> [Directions for this task]: Using the entries below, copy exactly each line from the line with "Wooden Direction Signpost" up to and including the line with "1975 Topps Mini #94 Jim Lonborg", with every picture left out.

Records Start Marker

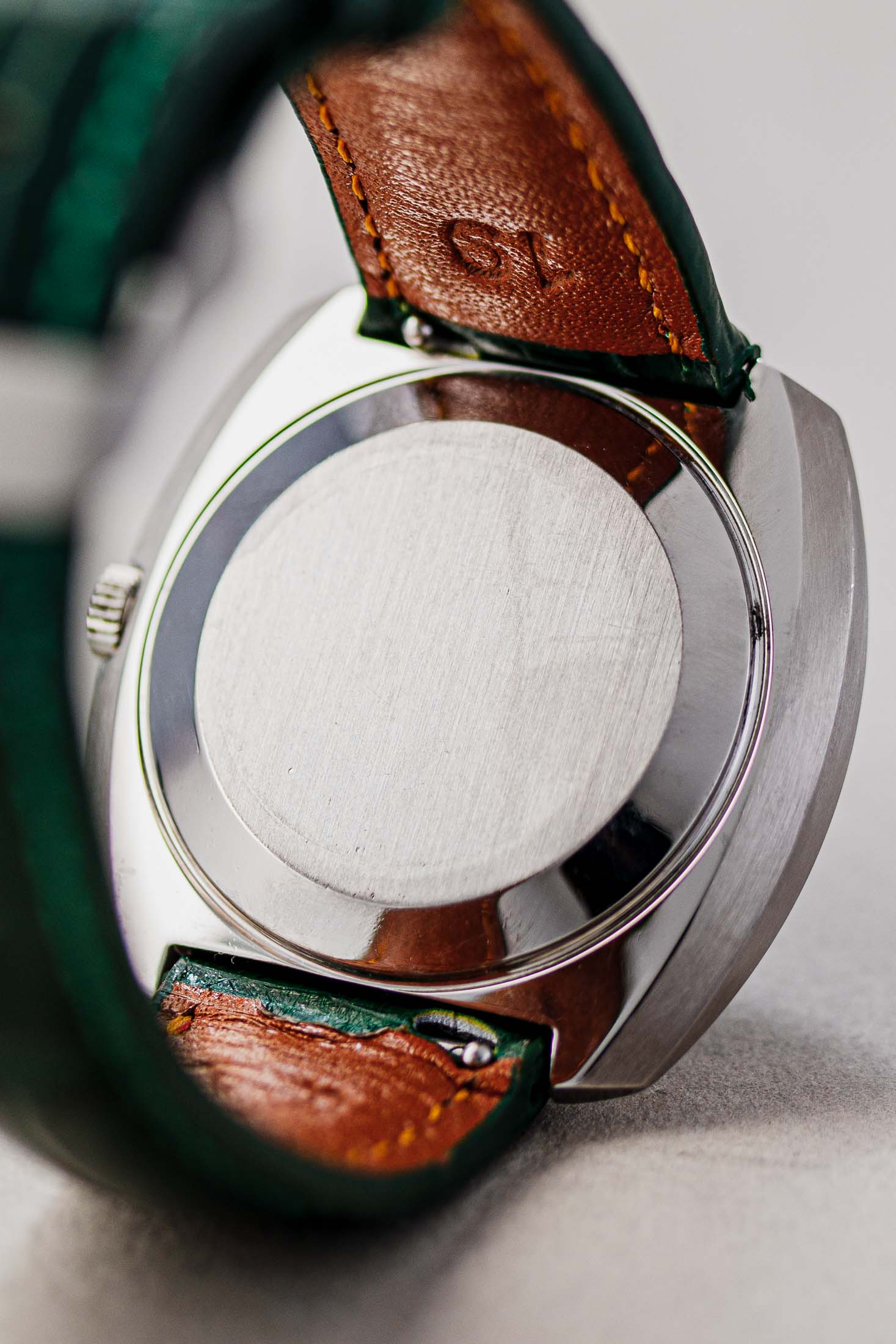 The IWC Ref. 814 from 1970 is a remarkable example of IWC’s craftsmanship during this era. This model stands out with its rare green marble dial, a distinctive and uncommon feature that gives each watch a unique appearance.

Records End Marker
Records Start Marker

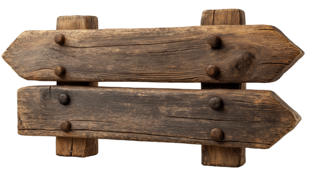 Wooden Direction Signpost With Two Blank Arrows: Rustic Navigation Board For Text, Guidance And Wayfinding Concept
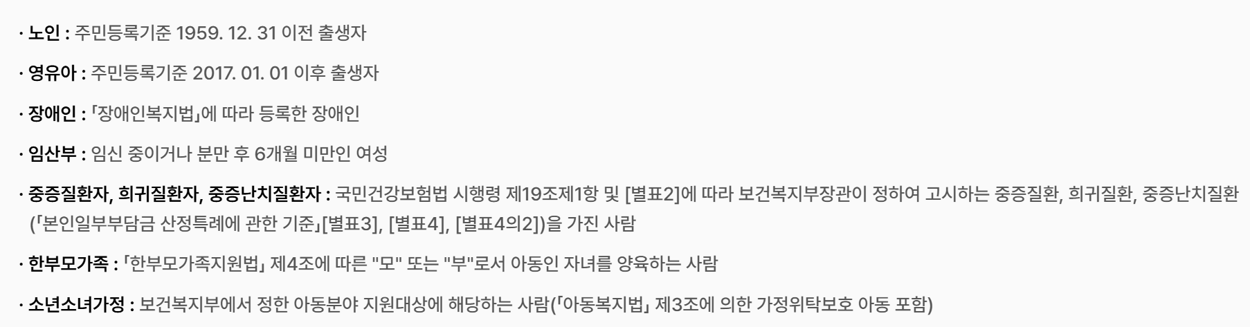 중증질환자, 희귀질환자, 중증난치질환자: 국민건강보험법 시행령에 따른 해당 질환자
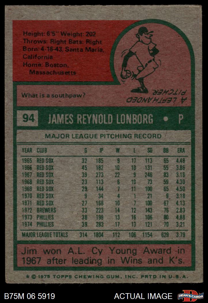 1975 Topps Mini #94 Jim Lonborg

Records End Marker
Records Start Marker

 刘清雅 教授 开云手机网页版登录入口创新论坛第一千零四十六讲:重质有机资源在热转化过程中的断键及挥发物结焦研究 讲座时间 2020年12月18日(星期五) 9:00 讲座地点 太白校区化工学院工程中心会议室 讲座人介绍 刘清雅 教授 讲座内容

Records End Marker

> [Exercise solution]:
 Wooden Direction Signpost With Two Blank Arrows: Rustic Navigation Board For Text, Guidance And Wayfinding Concept
 중증질환자, 희귀질환자, 중증난치질환자: 국민건강보험법 시행령에 따른 해당 질환자
 1975 Topps Mini #94 Jim Lonborg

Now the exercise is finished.